Hi. As a project, I'm trying to write a GIF parser that takes a file as an input and displays the image as output. I've been going pretty steadily through the GIF documentation and etc. etc. I've been looking at the "Graphics Interchange Format" article on wikipedia and I've recreated the image file that wikipedia gives the bytes for.
Now, here's my problem: the raster data that the GIF contains doesn't make sense. I'm using a very simple 3x5 GIF image that has one black pixel in the top corner and one black pixel directly below and to the left.
For those of you unfamiliar with GIF, the image data is stored using the LZW compression algorithm, which saves space by compressing multiple pixels into single entries. The encoded data is "00 51 FC 1B 28 70 A0 C1 83 01 01". Taking a look at the actual bits, the data is (underscores seperate the bytes)
00000000_01010001_11111100_00011011_00101000_01110 000_10100000_11000001_10000011_00000001_00000001
I'm supposed to be reading 9 bit codes, as per the GIF specification. Each code corresponds to a list of pixels to be output. For instance, if I read the hex code "0x028", that translates to color 40, which maps to a black pixel. So I'd output a black pixel. The map starts with predefined mappings for codes 0-255, and special treatment for codes 256 and 257. More mappings are created as you read through the data. If I'm reading 9 bits per code, the data looks like this (underscores seperate the 9 bit codes)
000000000_101000111_111100000_110110010_100001110_ 000101000_001100000_110000011_000000010_0000001
The first code I read is 0, which is at the start of every GIF raster data stream. The next code I read is "101000111", which is code #327. That doesn't make sense though, because I don't have a mapping for code #327 yet. #327 doesn't exist. What is going on? Also, there's that last 7 bits that I'm not sure what to do about.

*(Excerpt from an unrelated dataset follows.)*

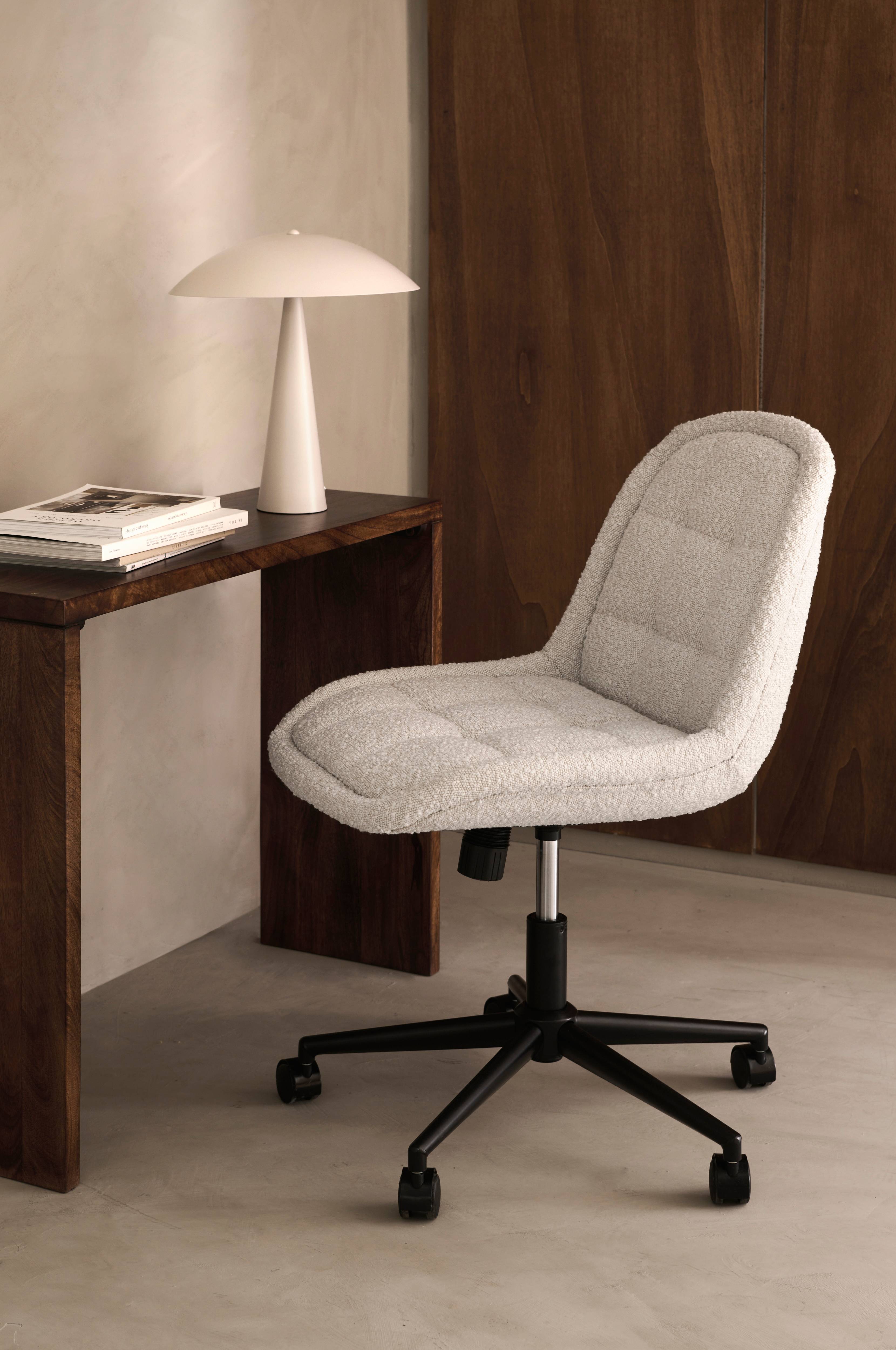 Kontorstol/skrivebordsstol med vatteret sæde og betræk i boucléstof. Ben i pulverlakeret metal med hjul. Vippemekanisme og drejefunktionsplade.

I wrote my own LZW compressor to help me, and plugged in the pixels to see the data that came out of it. My compressor uses the exact same algorithm that is described by the various GIF documentations I have looked at. The coded raster data that was outputted was different than the one saved in the GIF file;
Bits found in GIF file
00000000010100011111110000011011001010000111000010 10000011000001100000110000000100000001
Bits given by algorithm
10000000000010100001111111110000001110000001010000 0011100000110100000111100000001
They're even of different lengths sizes!
If I plugged the bits given by the algorithm into my GIF parser, it decoded the data with no problem. It almost seems like the GIF's data was encoded using a different algorithm! (I just used Microsoft Paint to make the GIF). But there's no way that's possible; I know that there's something wrong with the decompressor, even though I followed the documentation to the letter.
Here's the code for the decompressor:
|
Code:
|
void readImageData(InputStream fio, int[] table) throws Exception {
println("Reading image data...");
curBlock = readBlock(fio); //reads the raster data.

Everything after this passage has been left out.